Expedia is a global travel platform. It has three business segments: Expedia Product and Technology, Expedia Brands and Expedia for Business.
It's brands includes Expedia, Hotels.com, Expedia Partner Solutions, Vrbo, trivago, Orbitz, Travelocity, Hotwire, Wotfi, ebookers, CheapTickets, Expedia Group Media Solutions, CarRentals.com, and Expedia Cruises.
A Surprising Miss in the Fourth Quarter of 2022
On Feb 9, 2023, Expedia reported fourth quarter and full year 2022 results. It posted a big miss on the fourth quarter, reporting $1.26 versus the consensus of $1.85. That's a 31% miss.
With travel demand so strong, what went wrong?
Expedia said the quarter was negatively impacted by severe weather but that demand was "markedly stronger" since the start of the year.
2022 was a strong rebound year coming out of the pandemic downturn. Booked room nights were up 26% and revenue gained 36% last year.
"We begin '23 with record app usage and member counts, led by Expedia US, the first of our brands to deploy new capabilities and marketing strategies. This year, we are excited to see these benefits accrue to more of our brands and geographies, driving further growth and margin expansion," said Peter Kern, CEO.
Earnings Estimates for 2023 and 2024 on the Rise
The analysts are still bullish on travel, and Expedia, for the next two years. Demand is still strong.
3 estimates are up for 2023 in the last 30 days, although 1 estimate has also been cut, pushing up the Zacks Consensus Estimate to $9.23 from $8.97 during that time.
This is earnings growth of 35.9% over 2022 as Expedia only earned $6.79 last year.
Analysts expect further growth in 2024 as well. The 2024 Zacks Consensus Estimate is up in the last 30 days to $11.64 from $10.79. That's another 26% earnings growth.
Shares Are Cheap
Expedia shares sold off in 2022 along with the other growth stocks. It declined 47% in the last year.

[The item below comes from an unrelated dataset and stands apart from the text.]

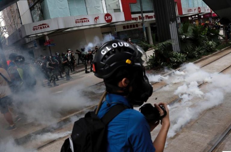 Police in Hong Kong fired several tear gas shells in a shopping district as people took to the streets to march against Beijing’s proposed tough national security legislation for Hong Kong.

But, along with the earnings rising, that means the stock is cheap on a classic valuation basis. It has a forward P/E of just 12.6. A P/E under 15 usually indicates value.
Expedia also has a PEG ratio of 0.9. A PEG ratio under 1.0 means a company has both growth and value. It's also a sign the stock is cheap.
Expedia is shareholder friendly and has an ongoing share repurchase program. In the fourth quarter of 2022, it repurchased about 3.7 million shares for $347 million. It has about 18 million shares remaining under the authorization.
For investors looking for a value stock in the fast growing travel industry, Expedia is one to keep on your short list.
Digital Turbine, Inc. is still seeing macro headwinds. This Zacks Rank #5 (Strong Sell) is expected to see declining earnings in Fiscal 2023 but is hopeful for a rebound later this calendar year.
Digital Turbine, headquartered in Austin, Texas, is a mobile growth platform for advertisers, publishers, carriers and OEMS. By integrating a full ad stack with proprietary technology built into devices by wireless operators and OEMs, it supercharges advertising and monetization.
It has offices in large cities across the United States, and in London, Berlin, Singapore, and Tel Aviv.
A Big Miss in Fiscal Third Quarter
On Feb 8, 2023, Digital Turbine reported its fiscal third quarter of 2023 and missed on the Zacks Consensus. It reported earnings of $0.29 versus the consensus of $0.37.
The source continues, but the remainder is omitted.